The
recent Historical Novel Society Australasia Conference in Parramatta, NSW (University of Western Sydney, 25-27
October 2019) was well–organised, well-attended, reasonably-priced and a great
way to meet congenial people who like history and like writing about it.
A Convivial Gathering at Dinner, HNSA 2019 |
Prof Paula Morris at HNSA 2019 |
Paula Morris
was also the keynote speaker for the weekend, wittily remarking that ‘history
is slippery’ (the local Rugby League team is known as the Parramatta Eels). Three
other useful comments from her keynote speech were: ‘History is a spiral – we
carry our pasts into our future’; ‘History is people – not abstract, but
personal and particular’; ‘History is Point of View’.
Professor Morris teaches
creative writing at the University of Auckland and her published works include ‘Rangatira’,
an award-winning account of a Maori aspect of her family history. (I bought a
copy of the book but haven’t had time to read it.) In the workshop session she did
not disappoint us.
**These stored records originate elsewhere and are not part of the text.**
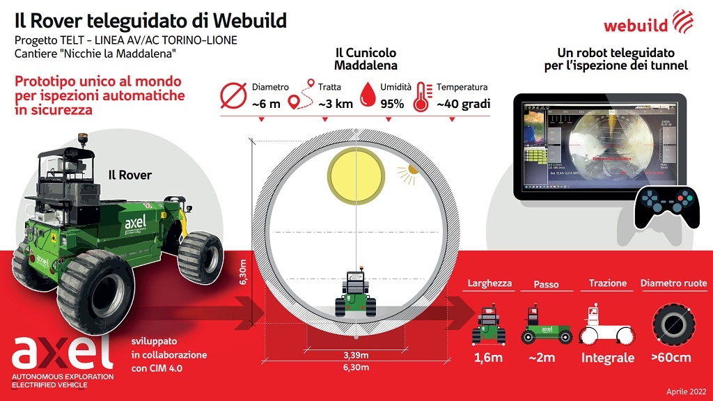 Webuild con CSC costruzioni (Gruppo Webuild) ha completato con successo la fase di test del prototipo AXEL (Autonomous Exploration Electrified Vehicle), tecnologia all'avanguardia destinata ad accrescere la sicurezza dei lavoratori impiegati in attività di tunnelling nella Torino - Lione. Si tratta di un sistema a guida remota altamente innovativo, il primo al mondo ad elevate prestazioni in grado di sostituire l'uomo nell'esplorazione di tratte di cunicoli e gallerie di cui non sono noti i rischi per la salute dei lavoratori. AXEL è frutto della collaborazione tra l'Ingegneria del Gruppo Webuild e i ricercatori del centro di eccellenza CIM (Competence Industry Manufacturing 4.0) e viene impiegato per sondaggi preliminari nei cunicoli delle nicchie di interscambio della galleria della Maddalena, nel cantiere Webuild attivo sul versante italiano del tunnel di base della Torino - Lione. Una applicazione innovativa della robotica alle infrastrutture, destinata ad accrescere la sicurezza sul lavoro per l'intera filiera.
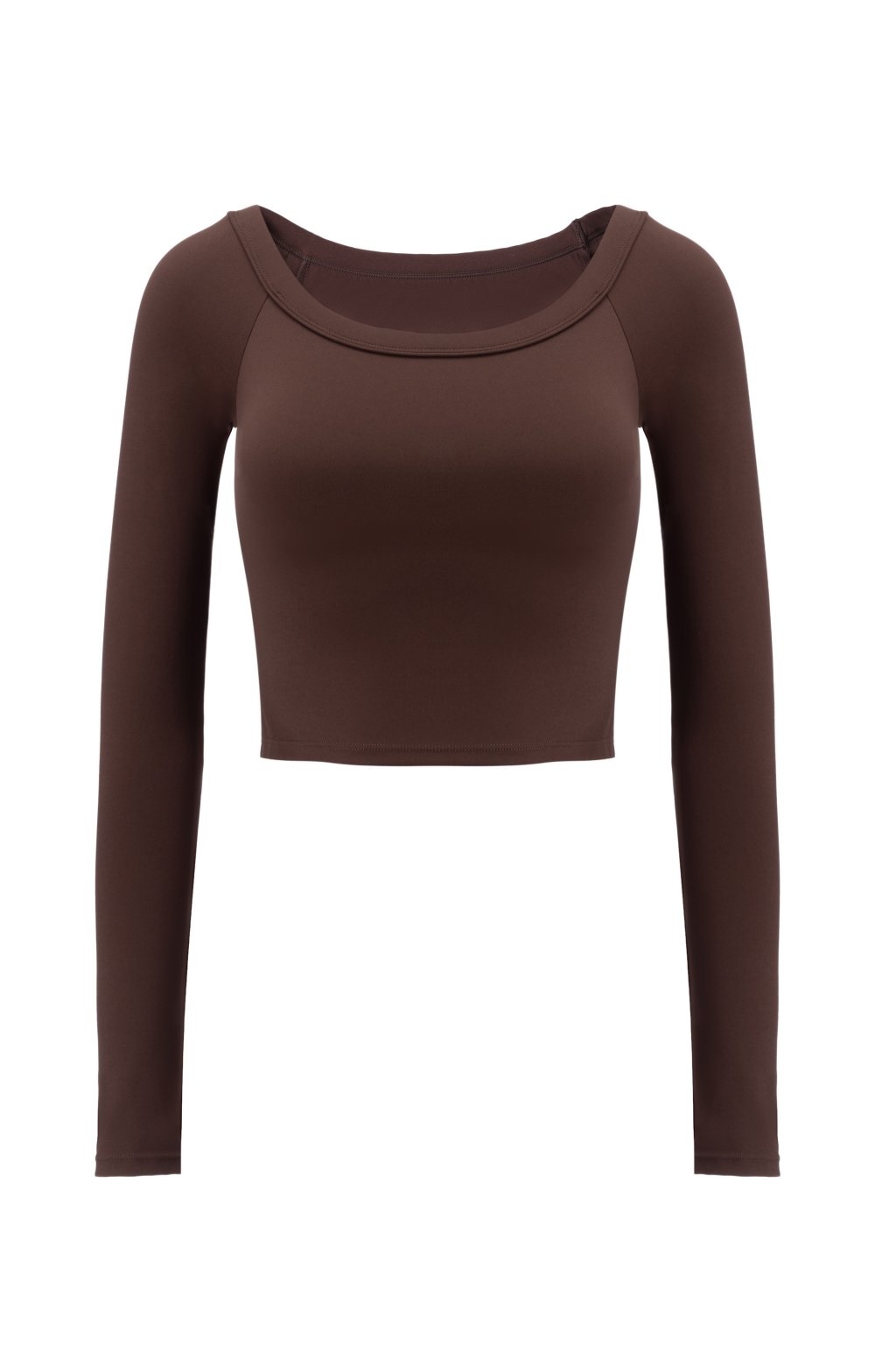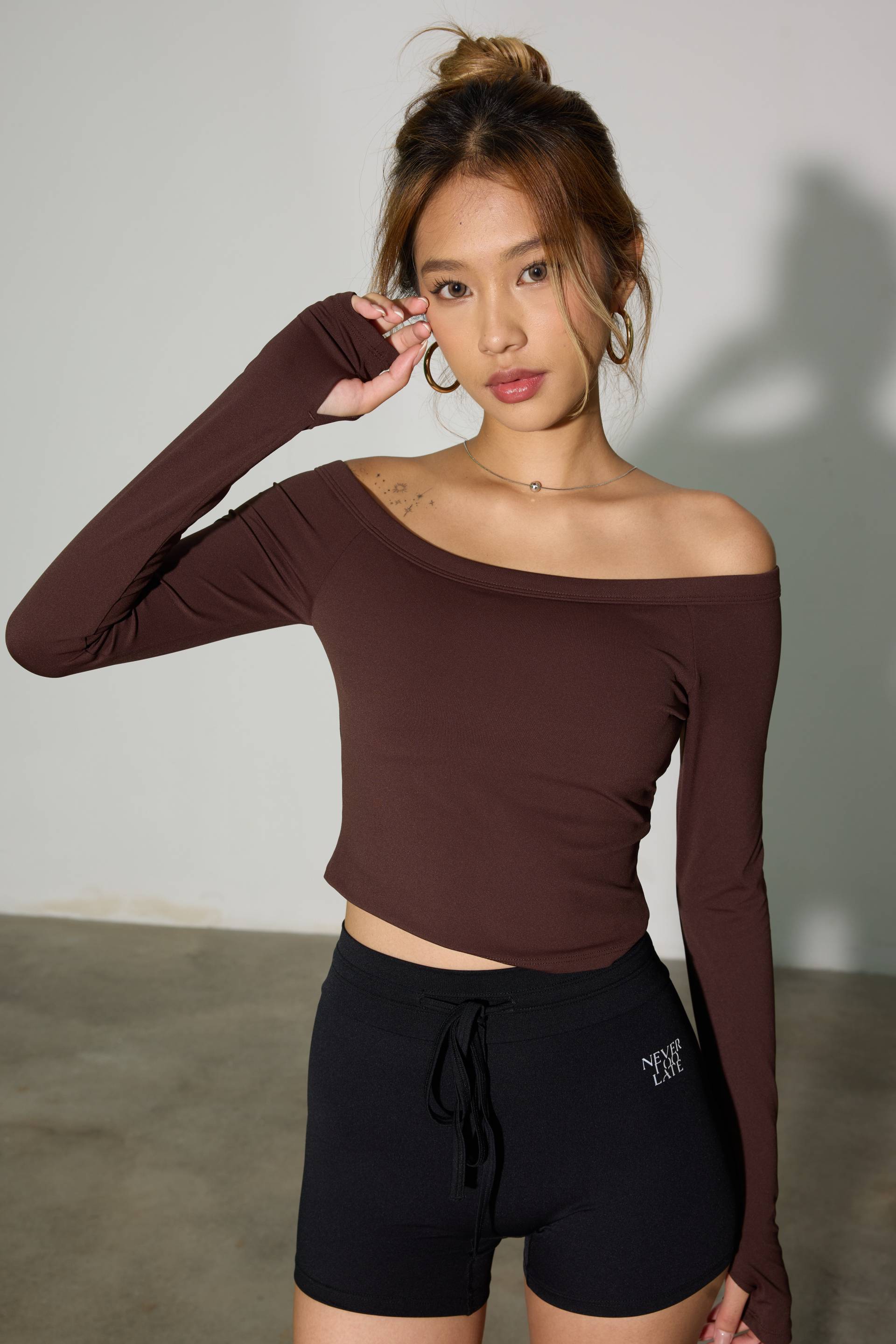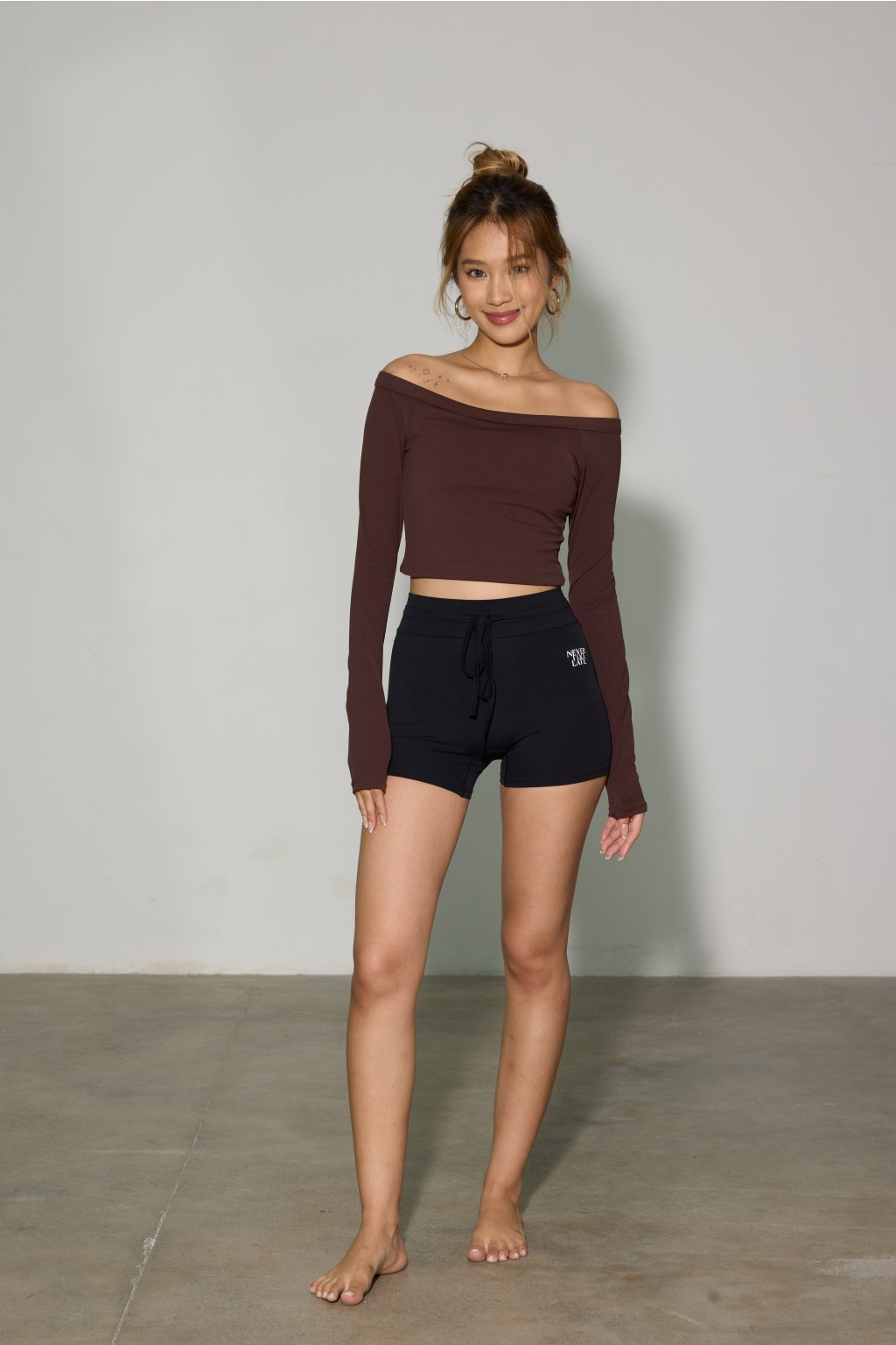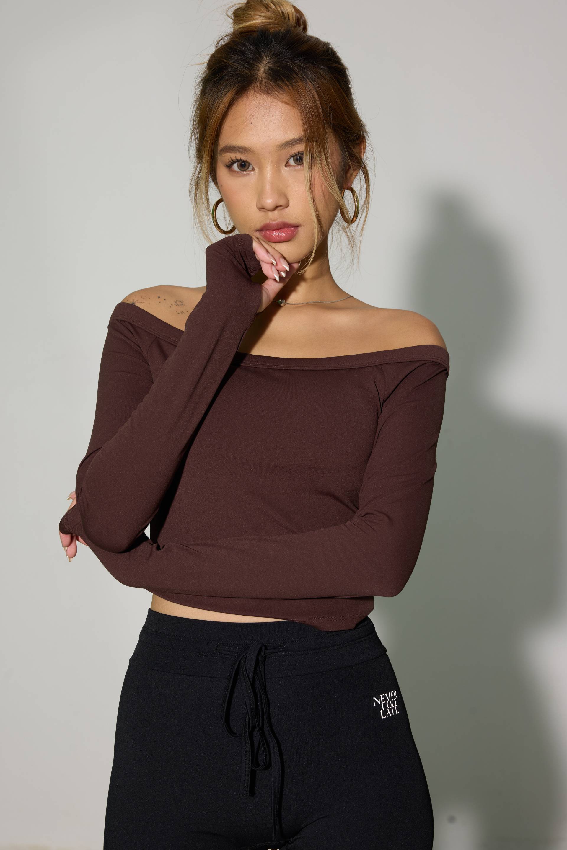 NVTT518- 深咖啡一字肩貼身多造型運動上衣(連胸墊)
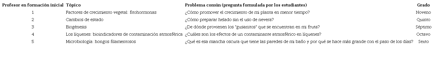 La tabla 2 muestra las cinco propuestas de trabajos prácticos de laboratorio basados en resolución de problemas, diseñadas y aplicadas por los profesores en formación inicial. Se indica el tópico, el problema común derivado de los intereses de los estudiantes y el grado escolar.
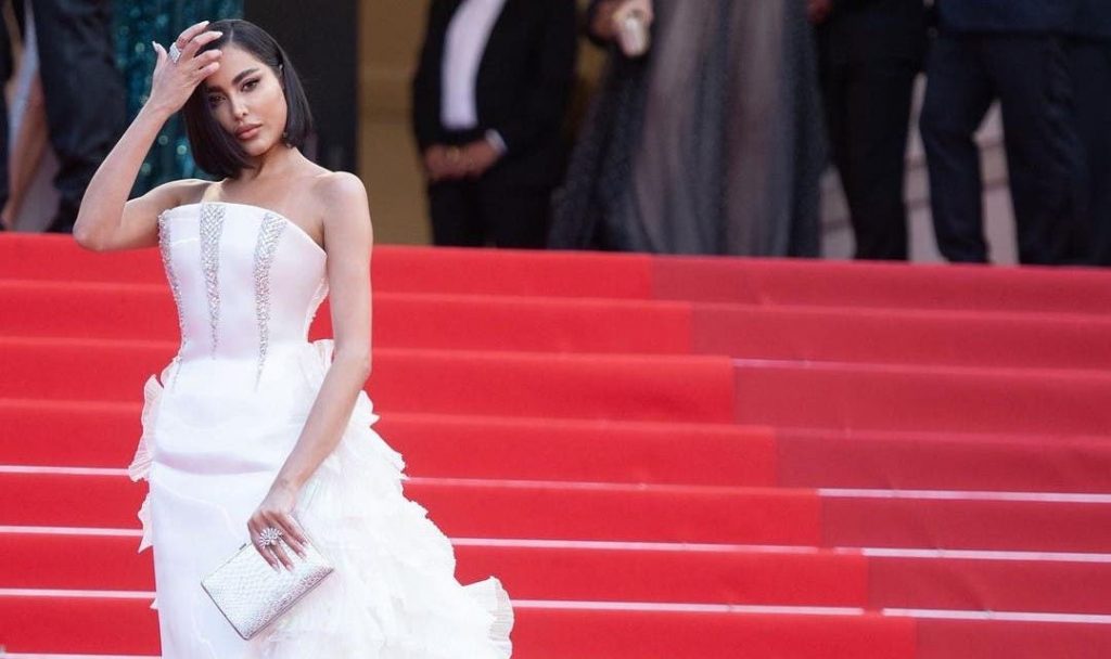 تألّقت النجمة التونسيّة درّة زروق بإطلالة مميّزة على البساط الأحمر لمهرجان “كان” تألّفت من ثوب عاري الكتفين باللون الأبيض المعدني حمل توقيع دار Rami Kadi نسّقته مع مجوهرات ماسيّة من Chopard.
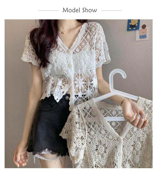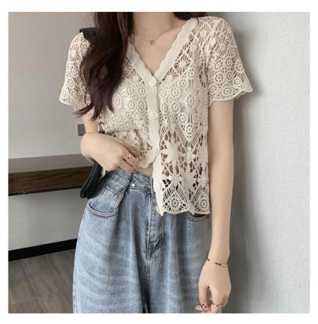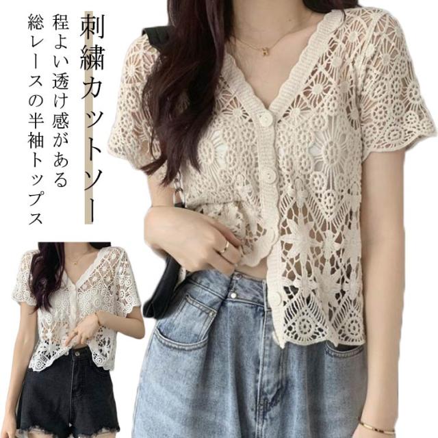 透かし編み ニット 半袖 サマーニット レースTシャツ 花柄レース レディース きれいめ 上品 ニットカーディガン 刺繍カットソー カーディガン ブラウス 半袖 トップス 春夏 おしゃれ トップス ファッション 羽織り 通勤 デート お出かけ 重ね着 ギフト 送料無料
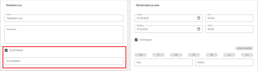 Kampanjoille voidaan asettaa kampanjakohtaisia kuittitekstejä. Kuittiteksti tulostuu kuitille, mikäli kuitilla on kampanjan mukainen alennus. Kampanjan asetuksista on asetettava päälle "Kuittiteksti"-valinta, minkä jälkeen voidaan "Kuittiteksti"-kenttään kirjoittaa haluttu kuittiteksti.
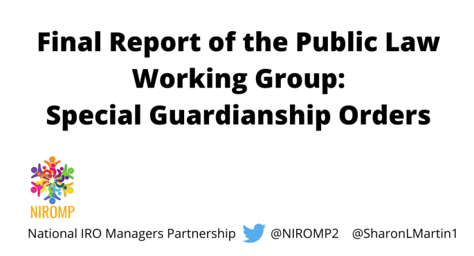 Message from the President of the Family Division Since its addition to the canon of orders that are available to the Family Court in 2005, the role of a Special Guardianship Order has changed and developed. It is plain that SGO’s have a useful role to play, and are the right order to make in … Continue reading Public Law Working Group Recommendations to achieve best practice in the child protection and family justice systems:Special guardianship orders | June 2020

For a start, she admitted what all of us family history
researchers know: the research process is often much more enjoyable than the
writing part.
As writers our only tools are language and imagination. The way
we use our words matters. In the current ‘information age’, people are deluged
with written words and spoken sounds but don’t necessarily grasp and absorb
their meaning and a ‘knowledge age’ eludes us. Writers have to try to convey
meaning for the stories they wish to tell.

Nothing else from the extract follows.